■ **TASK DESCRIPTION**
Should the entries contain pictures, leave them out and return exactly the lines from the first through the line holding "一方、飼い主様からは、「愛猫".
____
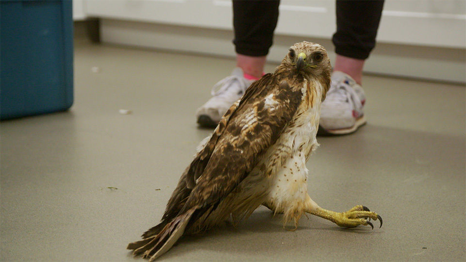 住宅地で横たわったまま動けない猛禽類がいるとの知らせを受け出動したブロンウィンが保護したアカオノスリは、幸い骨は折れておらず抗炎症剤を投与し経過を観察していました。ようやく屋外のケージに移して野生復帰に向けたリハビリの最終段階に入り、自力でエサを取れるかどうかが次の課題です。屋外のケージでしばらく暮らし、この環境に慣れたところで狩りの練習を始める計画ですが困ったことにアカオノスリは一向に飛ぼうとしません。
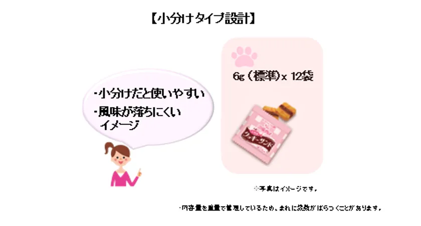 一方、飼い主様からは、「愛猫が食べ飽きないように、色々な味のおやつをあげたい」というご要望もいただいています。
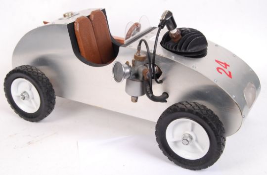 An unusual large American style shelf art / shop display scratch built model motor car. Made from sheet metal, with copper detailing and a small non-functional engine. Detailed large sale model. Measures approx; 65cm long.
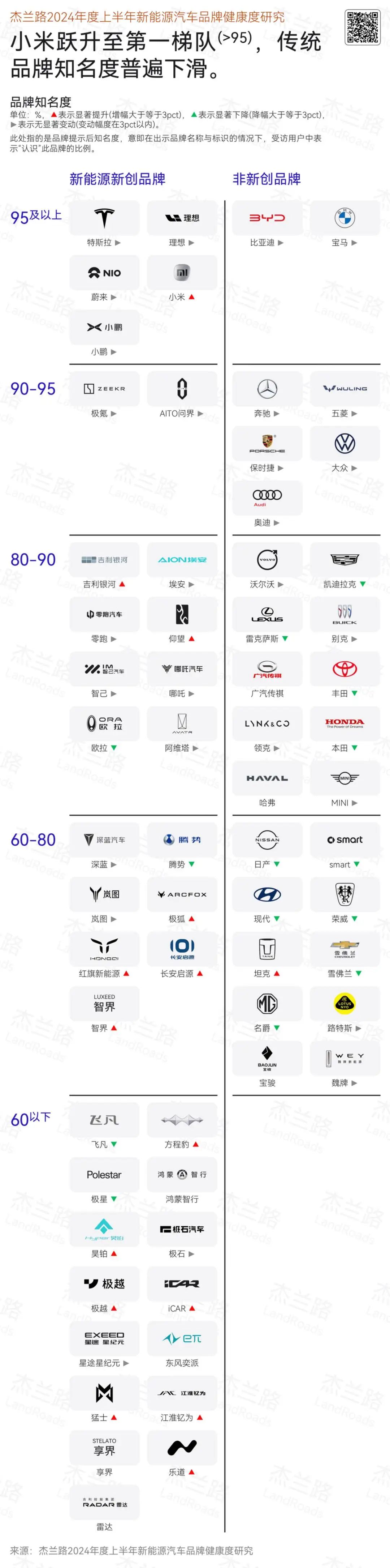 月初,第三方研究機構(gòu)杰蘭路發(fā)布了一份關(guān)于汽車品牌建設的調(diào)查報告——杰蘭路 2024 新能源汽車品牌健康年度上半年研究。
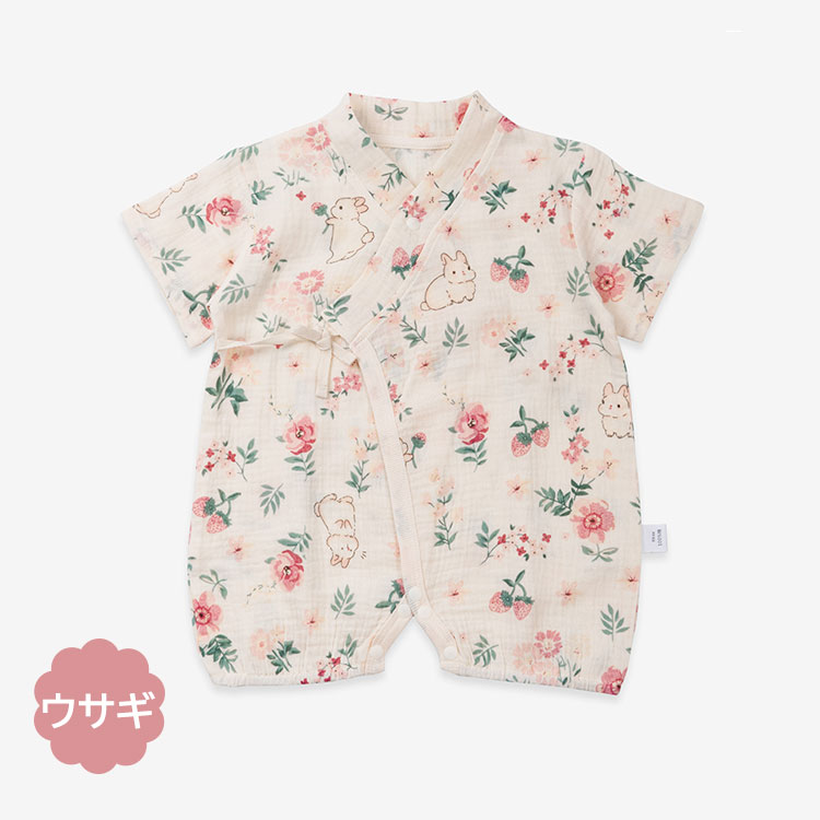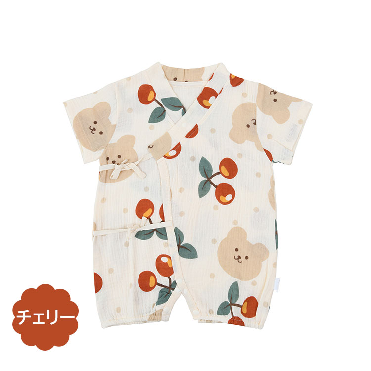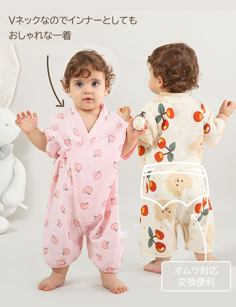 ベビー甚平 ロンパース 男の子 女の子 ウサギ チェリー もも トラ くま 59cm 66cm 73cm 80cm 90cm
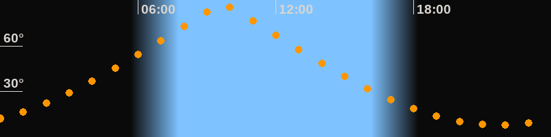 | Höchster Stand (Kulmination) | 09:41 Uhr (h = 86,5°) |
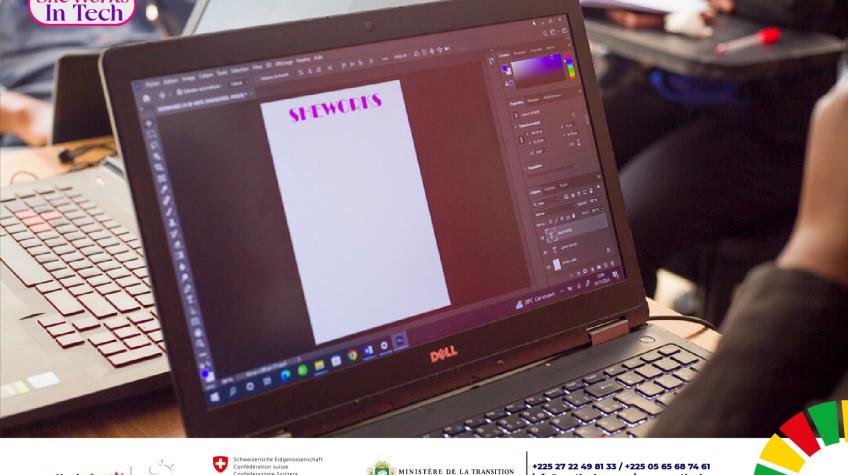 Les cours du programme 𝗦𝗛𝗘 𝗪𝗢𝗥𝗞𝗦 𝗜𝗡 𝗧𝗘𝗖𝗛 se poursuivent au sein de notre centre de formation AY Solutions - Centre d'incubation et d'insertion des jeunes. Ce mardi 5 novembre 2024, les participantes ont bénéficié d'une formation à la création de visuels sur #Photoshop, avec une introduction aux bases de ce logiciel.
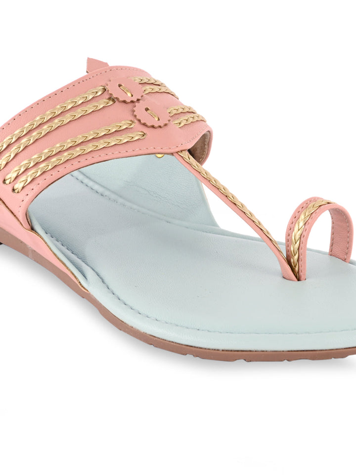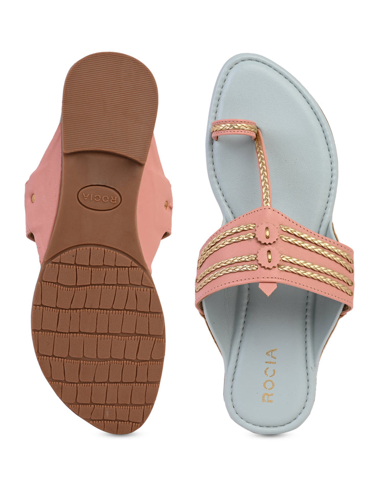 Add a touch of tradition to your casual collection with Women Stylish Flat Kolhapuris from Rocia by Regal. Crafted from synthetic material with a sturdy TPR sole, these strapless open-toe flats combine ethnic charm with modern comfort. With a flat heel designed for ease of wear, they are perfect for casual and summer styling, effortlessly pairing with both ethnic and western outfits.
____
■ **SOLUTION BELOW**
 住宅地で横たわったまま動けない猛禽類がいるとの知らせを受け出動したブロンウィンが保護したアカオノスリは、幸い骨は折れておらず抗炎症剤を投与し経過を観察していました。ようやく屋外のケージに移して野生復帰に向けたリハビリの最終段階に入り、自力でエサを取れるかどうかが次の課題です。屋外のケージでしばらく暮らし、この環境に慣れたところで狩りの練習を始める計画ですが困ったことにアカオノスリは一向に飛ぼうとしません。
 一方、飼い主様からは、「愛猫が食べ飽きないように、色々な味のおやつをあげたい」というご要望もいただいています。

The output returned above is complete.